_Dataset excerpt_:
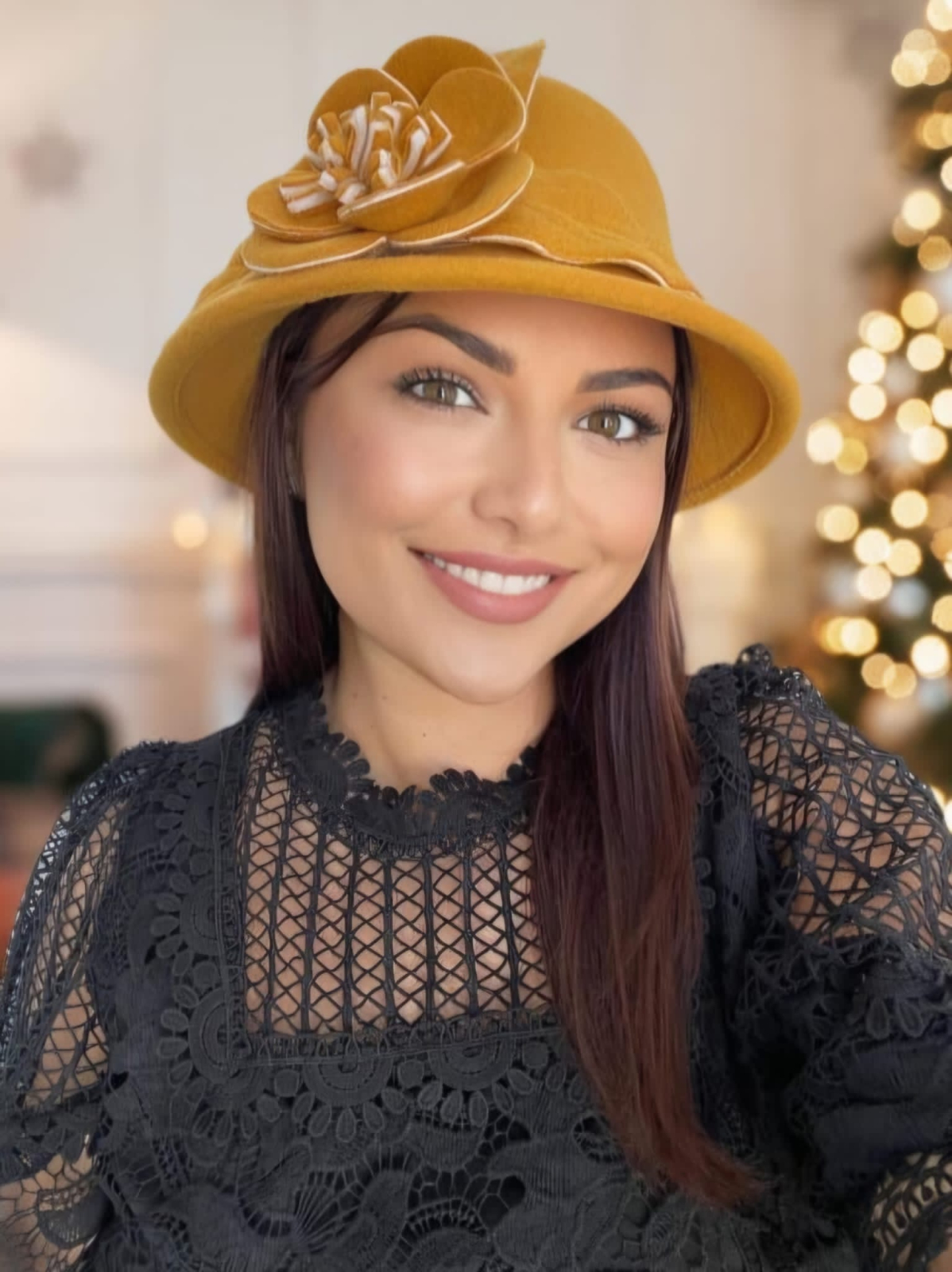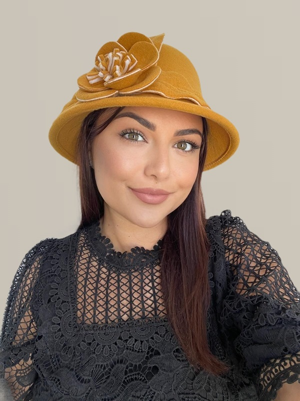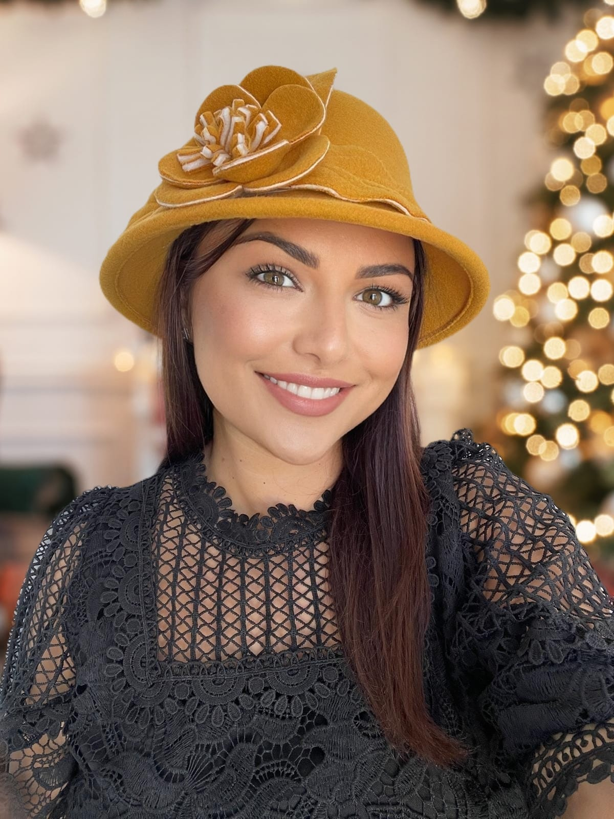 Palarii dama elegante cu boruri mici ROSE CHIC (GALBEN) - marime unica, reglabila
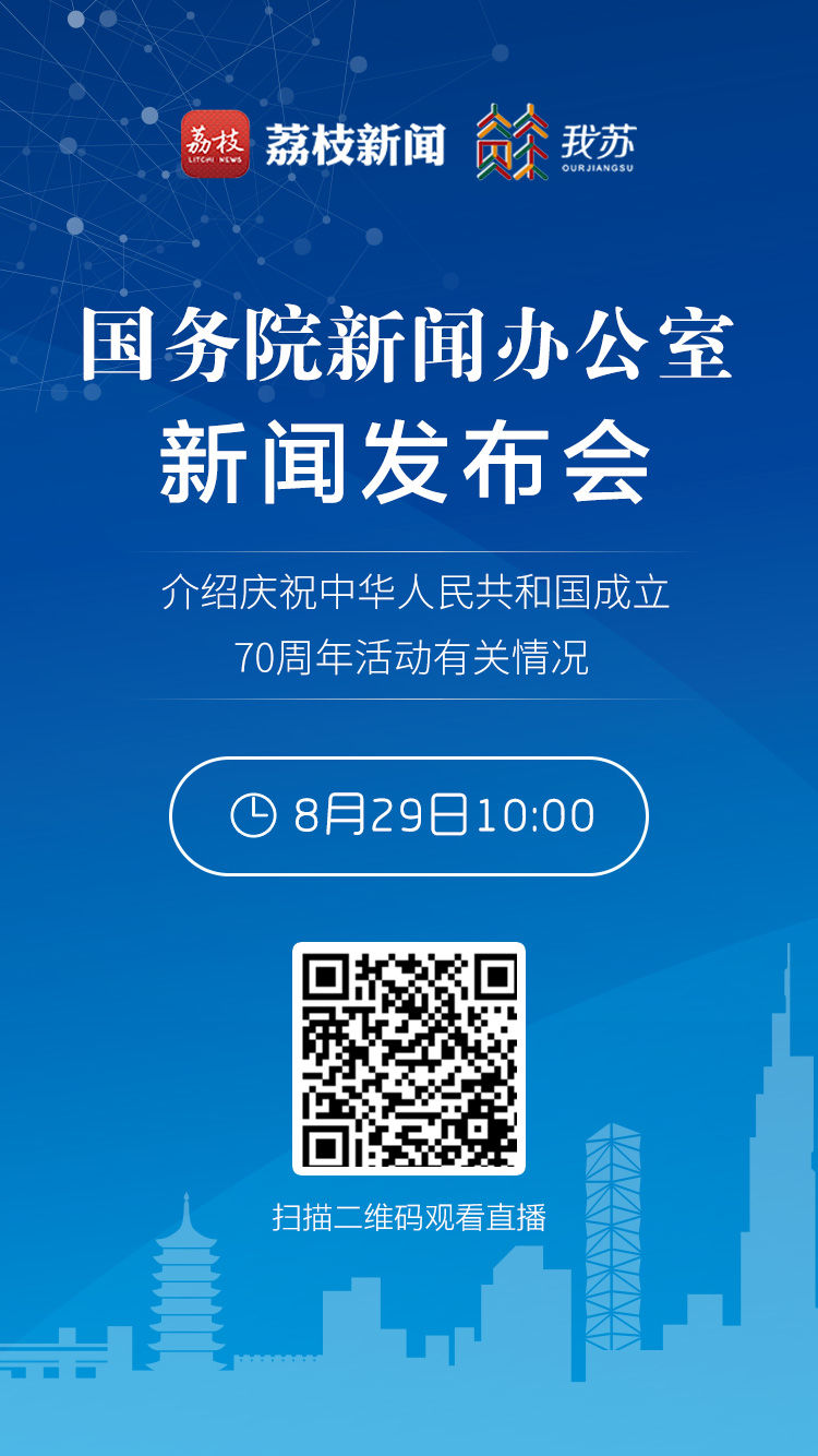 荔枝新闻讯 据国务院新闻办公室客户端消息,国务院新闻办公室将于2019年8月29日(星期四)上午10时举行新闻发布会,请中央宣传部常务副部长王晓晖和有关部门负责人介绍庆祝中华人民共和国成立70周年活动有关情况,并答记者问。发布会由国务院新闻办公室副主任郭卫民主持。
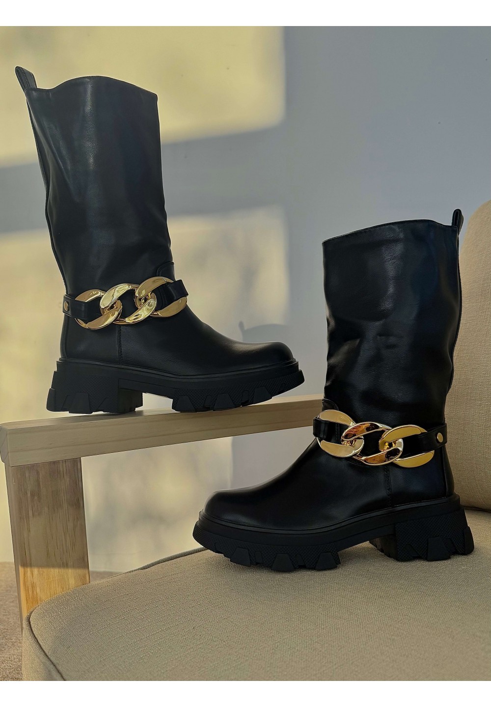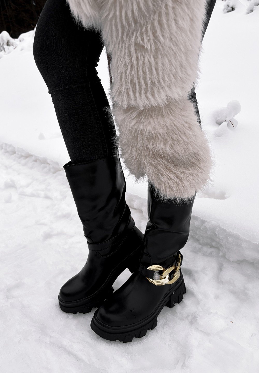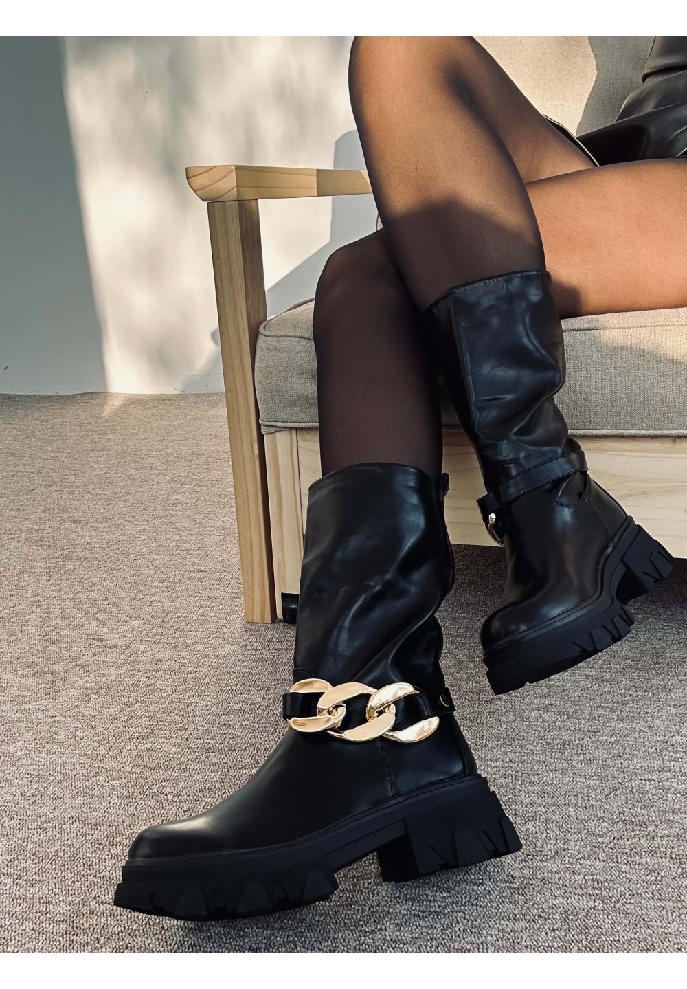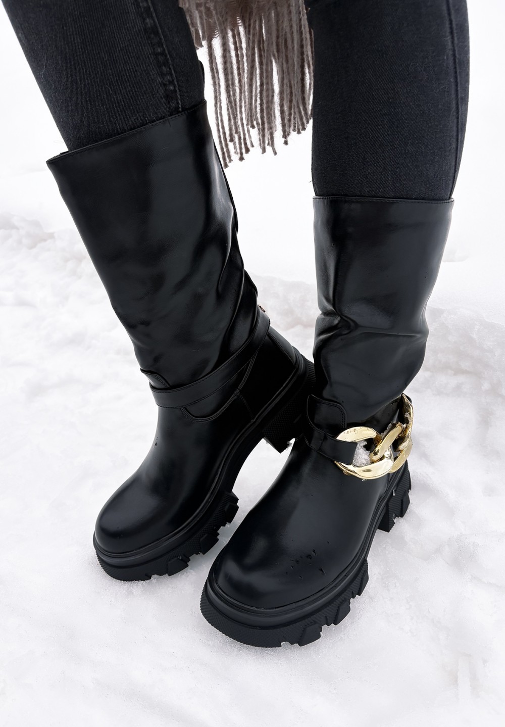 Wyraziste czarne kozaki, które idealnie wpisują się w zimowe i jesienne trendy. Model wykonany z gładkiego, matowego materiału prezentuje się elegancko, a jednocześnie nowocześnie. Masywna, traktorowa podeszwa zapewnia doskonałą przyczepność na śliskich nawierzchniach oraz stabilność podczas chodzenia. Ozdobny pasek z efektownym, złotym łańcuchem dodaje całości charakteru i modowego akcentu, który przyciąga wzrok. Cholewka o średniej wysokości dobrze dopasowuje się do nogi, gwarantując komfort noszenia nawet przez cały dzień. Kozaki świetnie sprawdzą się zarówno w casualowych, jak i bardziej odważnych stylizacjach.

_Aim of the exercise_: Reproduce the data word for word, excluding its pictures.

_Exercise answer_:
 Palarii dama elegante cu boruri mici ROSE CHIC (GALBEN) - marime unica, reglabila
 荔枝新闻讯 据国务院新闻办公室客户端消息,国务院新闻办公室将于2019年8月29日(星期四)上午10时举行新闻发布会,请中央宣传部常务副部长王晓晖和有关部门负责人介绍庆祝中华人民共和国成立70周年活动有关情况,并答记者问。发布会由国务院新闻办公室副主任郭卫民主持。
 Wyraziste czarne kozaki, które idealnie wpisują się w zimowe i jesienne trendy. Model wykonany z gładkiego, matowego materiału prezentuje się elegancko, a jednocześnie nowocześnie. Masywna, traktorowa podeszwa zapewnia doskonałą przyczepność na śliskich nawierzchniach oraz stabilność podczas chodzenia. Ozdobny pasek z efektownym, złotym łańcuchem dodaje całości charakteru i modowego akcentu, który przyciąga wzrok. Cholewka o średniej wysokości dobrze dopasowuje się do nogi, gwarantując komfort noszenia nawet przez cały dzień. Kozaki świetnie sprawdzą się zarówno w casualowych, jak i bardziej odważnych stylizacjach.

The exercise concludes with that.